Tenshi Hinanawi edited this page Oct 21, 2012 · 1 revision


The foreword by Tom Truscott is for "Netizens: On the History and Impact of Usenet and the Internet."

Netizens: On the Impact and History of Usenet and the Internet is an ambitious look at the social aspects of computer networking. It examines the present and the turbulent future, and especially it explores the technical and social roots of the "Net". A well told history can be entertaining, and an accurately told history can provide us valuable lessons. Here follow three lessons for inventors and a fourth for social engineers. Please test them out when reading the book.

The first lesson is to keep projects simple at the beginning. Projects tend to fail so the more one can squeeze into a year the better the chance of stumbling onto a success.
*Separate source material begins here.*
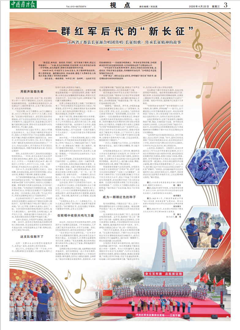 心有所信,执着而行。合唱团中,还有许多成员在工作与生活中传承着长征精神:余玉兰结合其帮扶的车溪乡坳背村村情,教村民唱《长征组歌》等红色歌曲,鼓励大家奋斗致富;黄丽、凌林、李芳等积极参与大型红色文旅史诗舞台剧《长征第一渡》演出,并结合演出感悟多次建言献策;赖宇蓉每次排练都带着儿子、女儿,如今,他们都已是中央红军长征出发纪念馆的“小红星”讲解员。“我相信,会有越来越多长征出发地的传人加入到我们的队伍中,用歌声、用故事讲述长征这段艰苦卓绝的历史,让长征精神薪火相传。”赖宇蓉说。

Big projects do happen, but there is not enough time in life for very many of them, so choose carefully.

The second lesson is to innovate by taking something old and something new and putting them together in a new way. In this book the "something new" is invariably the use of a computer network. For example, ancient timesharing computer systems had local "mail" services so its users could communicate. But the real power of E-mail was when mail could be distributed to distant computers and all the networked users could communicate. Similarly, Usenet is a distributed version of preexisting bulletin-board-like systems. The spectacularly successful World Wide Web is just a distributed version of a hypertext document system. It was remarkably simple, and seemingly obvious, yet it caught the world by complete surprise. Here is another way to state this lesson:

If a feature is good, then a distributed version of the feature is good. And vice-versa.

The third lesson is to keep on the lookout for "something new", or for something improved enough to make a qualitative difference. For example, in the future we will have home computers that are always on and connected to the Net. That is a qualitative difference that will trigger numerous innovations.

The fourth lesson is that we learn valuable lessons by trying out new innovations. Neither the original ARPAnet nor Usenet would have been commercially viable. Today there are great forces battling to structure and control the information superhighway, and it is invaluable that the Internet and Usenet exist as working models. Without them it would be quite easy to argue that the information superhighway should have a top- down hierarchical command and control structure. After all there are numerous working models for that.

It seems inevitable that new innovations will continue to make the future so bright that it hurts. And it also seems inevitable that as innovations permeate society the rules for them will change. I am confident that Michael Hauben and Ronda Hauben will be there to chronicle the rapidly receding history and the new future, as "Netizens" increasingly becomes more than a title for a book.